По ночам ему снилась весенняя, омытая первыми дождями, радостная Москва. Светлая искренность московского барокко открывалась ему постепенно, шаг за шагом. По опыту своих белокаменных построек он уже знал, что искренность вообще невозможно скопировать. Найдется ли кто из современников, у кого хватит и восторга и терпения, чтобы настроить душу свою на бесконечную работу, на любовь, которую безоглядно вкладывали московские зодчие в каждый свой каменный узор?
Алексей Викторович старался не думать о своих неудачах и все же всегда помнил о них. Первый опыт работы стиле московского барокко он предпринял за год до этого конкурса. Тогда он участвовал в другом конкурсе — на постройку городского банка в Нижнем Новгороде.
В том проекте зодчий впервые воспользовался формами московского барокко. Каждое из четырех соединенных одно с другим зданий несло свою функциональную и художественную нагрузку. Создавалось впечатление, что они в разное время были пристроены друг к другу, как происходило в те годы, когда московское барокко вырабатывало свою живописность, основанную на сочетании свежести красок и пластики форм.
Это был смелый эксперимент архитектора — расчлененное на самостоятельные фрагменты строение собиралось в яркий, как мозаика, ансамбль, вызывая целую гамму чувств. Яркий всполох красок был по-своему строг, продуман и организован. Но в проекте нижегородского банка ощущалась заданность, он был несвободен от влияния псевдорусского стиля. Проект так и не был реализован, и Щусев не жалел об этом.
Московское барокко оказалось крепким орешком. У этого пришедшего к нам из конца XVII — начала XVIII века стиля была своя особая тайнопись, и только опытному художнику с острым чутьем и свободной фантазией можно было здесь на что-то надеяться.
В короткий срок Щусев построил в облюбованном им стиле два интересных здания в Италии. Первое, правда, несколько копировало прошлое — это гостиница для русских странников в Бари. Зато другое — Русский павильон художественной выставки в Венеции — уже при первом взгляде оставляло впечатление яркой самобытности. Кажется, что зодчий работал в этой творческой манере много лет, так неприхотливо свободен он в своем художественном волеизъявлении.
Россия привнесла в Венецию нарядный и праздничный московский колорит, причем сделала это тактично и ненавязчиво. Павильон заиграл своими причудливыми красками под ярким солнцем Италии. Несмотря на то что фасады двух галерей павильона совершенно различны, они согласно выполняют общую задачу: подготовить зрителя к восприятию русской живописи.

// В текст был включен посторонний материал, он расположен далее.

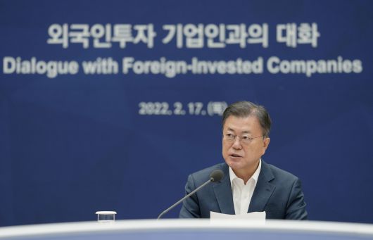 문재인 대통령이 17일 오전 청와대 영빈관에서 열린 외국인투자기업인과의 대화에 참석, 발언하고 있다. 2022.2.17 /연합뉴스 |

Какими простыми средствами достигает Щусев своей цели! Привычный кубический объем, шатровая кровля, в которой чуть замаскированы большие площади остекления, на изумрудной глухой стене — белая виньетка-картуш... Под сенью старого дерева, любовно сбереженного русскими строителями, проходила длинная лестница с уютной террасой под узорчатым каменным паланкином. Это своеобразное крыльцо несло всю живописную нагрузку переднего плана здания. Играя архитектурными массами, зодчий создал уникальную по гармонии композицию. Детали московского барокко здесь почти второстепенны, но их вполне достаточно, чтобы зазвучал в полный голос русский мотив, чтобы он был понят всеми.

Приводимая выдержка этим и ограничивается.